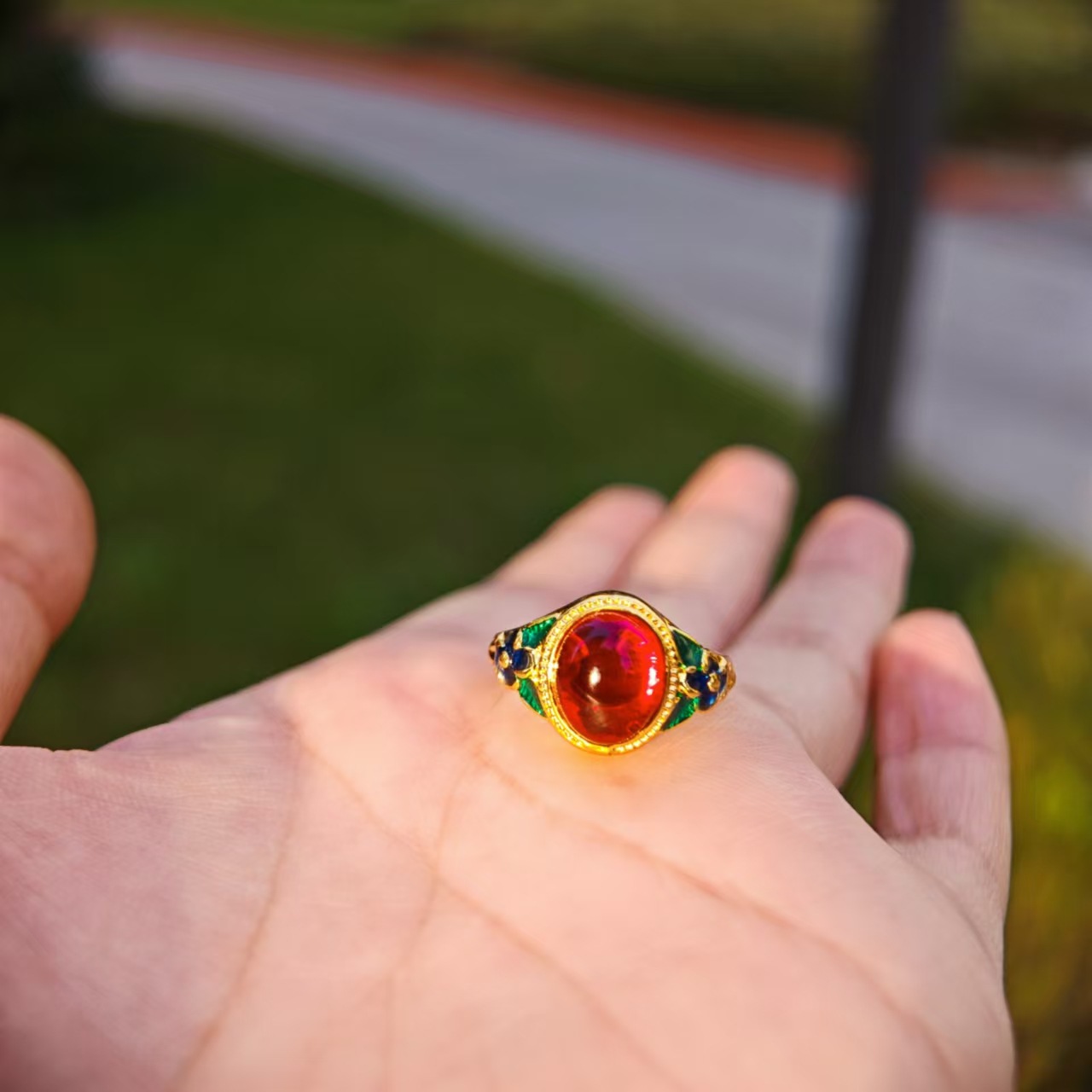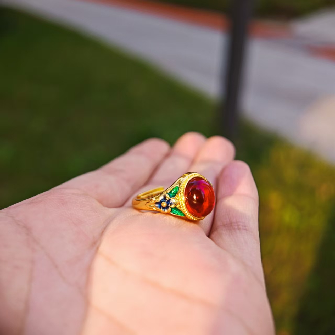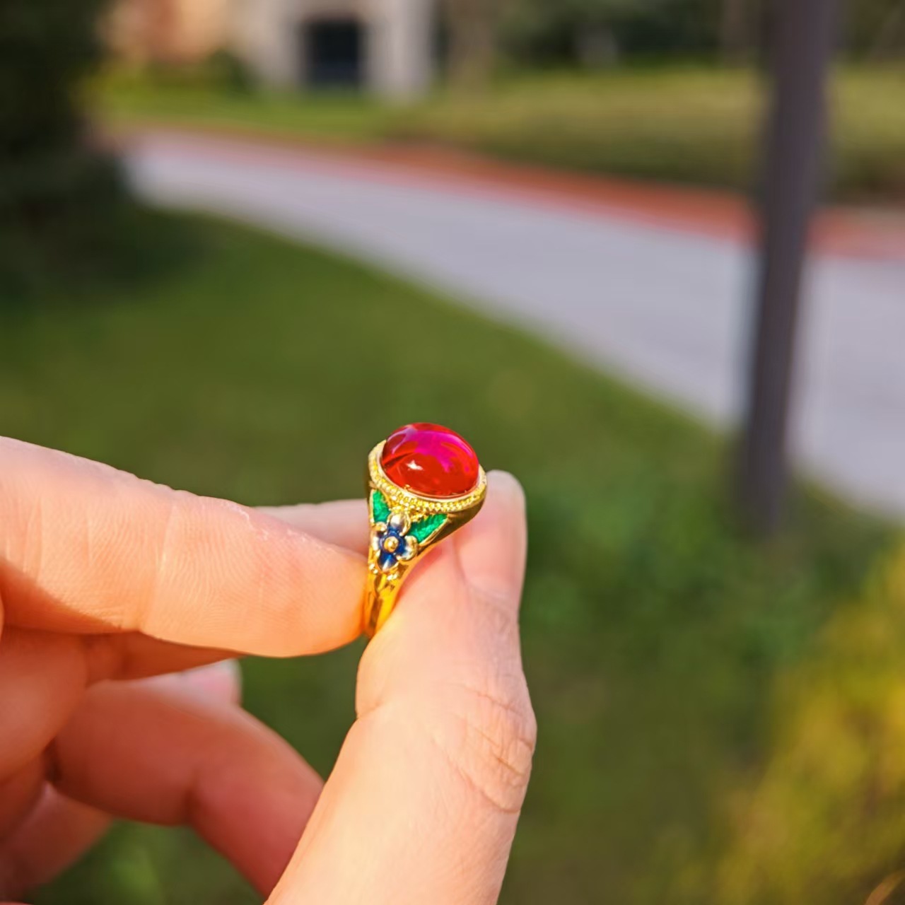 イミテーションゴールドエナメル宝石リング 生放送宮殿スタイルエナメル古代方法オープンリング模造翡翠ゴールドリングシンプルなファッション宝石リング卸売
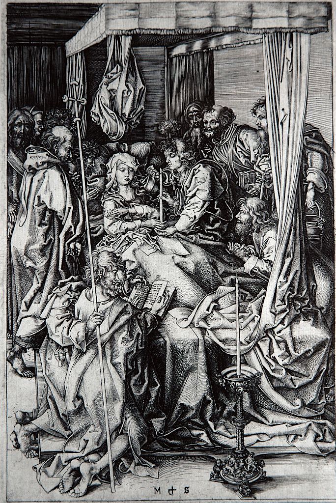 Le Beau Martin. « Gravures et dessins de Martin Schongauer (vers 1450-1491) », Colmar, musée d’Unterlinden, 13 septembre-1er décembre 1991, n° G 9, p. 266, ill p. 267 , « Spätmittelalter am Oberrhein. Alltag, Handwerk und Handel. 1350-1525 », Karlsruhe, Badisches Landesmuseum, 29 septembre 2001-3 février 2002, n° 301 , « L’Assomption, peinture picarde de la fin du 15e siècle », Abbeville, musée Boucher-de-Perthes, 15 février-18 mai 2003, p. 72, n°13, ill p.14 , « Figures de madones. Vierges sculptées du 12e au 16e siècle », Colmar, musée d’Unterlinden, 18 juin-18 septembre 2005, cat XI, ill p 13.
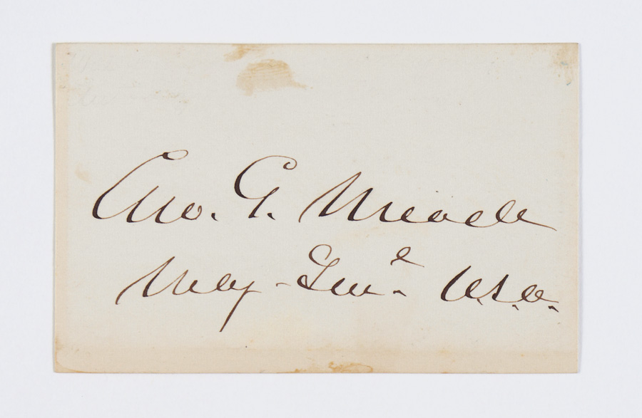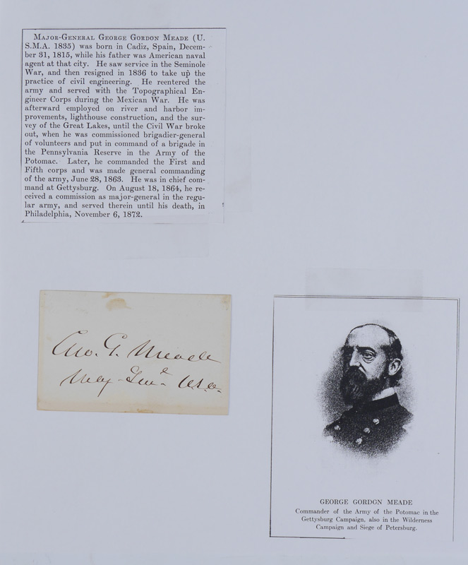 GENERAL GEORGE GORDON MEADE CLIP AUTOGRAPH: Signed in pen on card, Civil War General Meade was the Chief Commander at Gettysburg. Card measures 2 1/2'' x 3 1/4''.
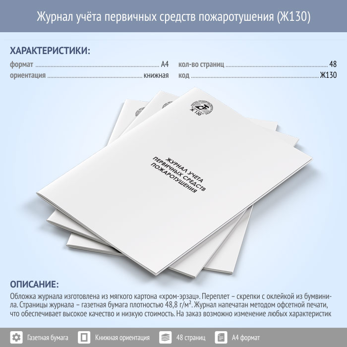 Журнал учета первичных средств пожаротушения (48 стр., Ж130) в Альметьевске купить
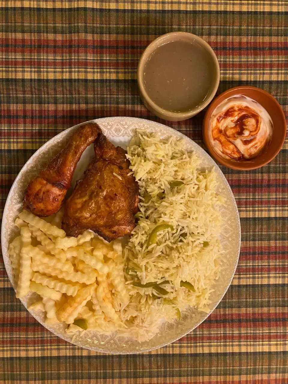 If the kebab is bravura, the Baked Chicken is restraint perfected. Brined in clove and tea, marinated in a roasted-pepper blend, then eased into the oven till tender, it’s a plate that makes Nando’s feel like a distant memory. The meat holds together but yields instantly, and the saffron rice served with it is fragrant without being perfumed to distraction. There’s craft here, but also tenderness.
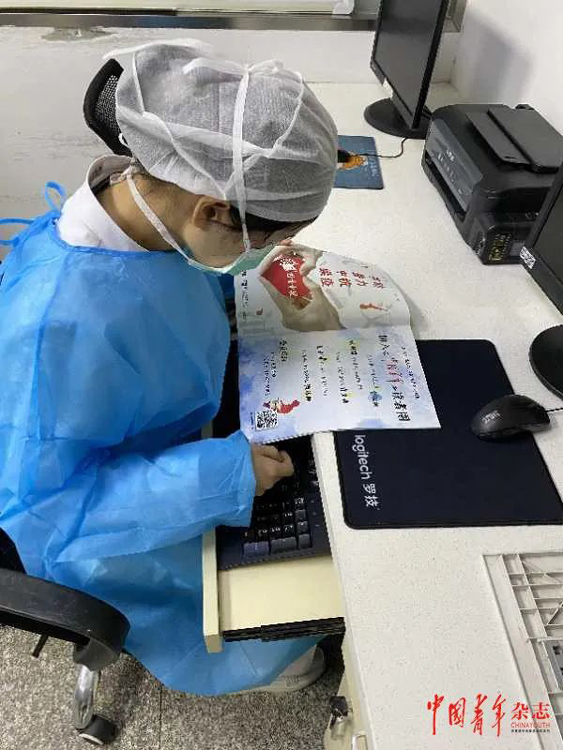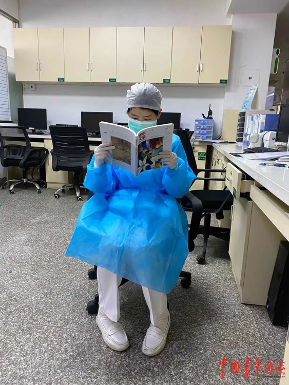 一线医护人员在阅读《中国青年》
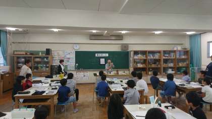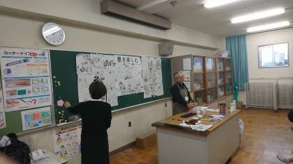墨絵教室の講師の方々に来てもらい、筆や割りばしを使って墨の絵のかき方を教わりました。習字と墨絵の筆の違いや、雪舟から始まった墨絵の歴史も聞くことができて、とても勉強になりました。

■ THE TASK ■
Only the lines from the beginning of the records through the line bearing "Le Beau Martin." belong in the answer, copied word for word with pictures left out.

■ RESPONSE ■
 イミテーションゴールドエナメル宝石リング 生放送宮殿スタイルエナメル古代方法オープンリング模造翡翠ゴールドリングシンプルなファッション宝石リング卸売
 Le Beau Martin. « Gravures et dessins de Martin Schongauer (vers 1450-1491) », Colmar, musée d’Unterlinden, 13 septembre-1er décembre 1991, n° G 9, p. 266, ill p. 267 , « Spätmittelalter am Oberrhein. Alltag, Handwerk und Handel. 1350-1525 », Karlsruhe, Badisches Landesmuseum, 29 septembre 2001-3 février 2002, n° 301 , « L’Assomption, peinture picarde de la fin du 15e siècle », Abbeville, musée Boucher-de-Perthes, 15 février-18 mai 2003, p. 72, n°13, ill p.14 , « Figures de madones. Vierges sculptées du 12e au 16e siècle », Colmar, musée d’Unterlinden, 18 juin-18 septembre 2005, cat XI, ill p 13.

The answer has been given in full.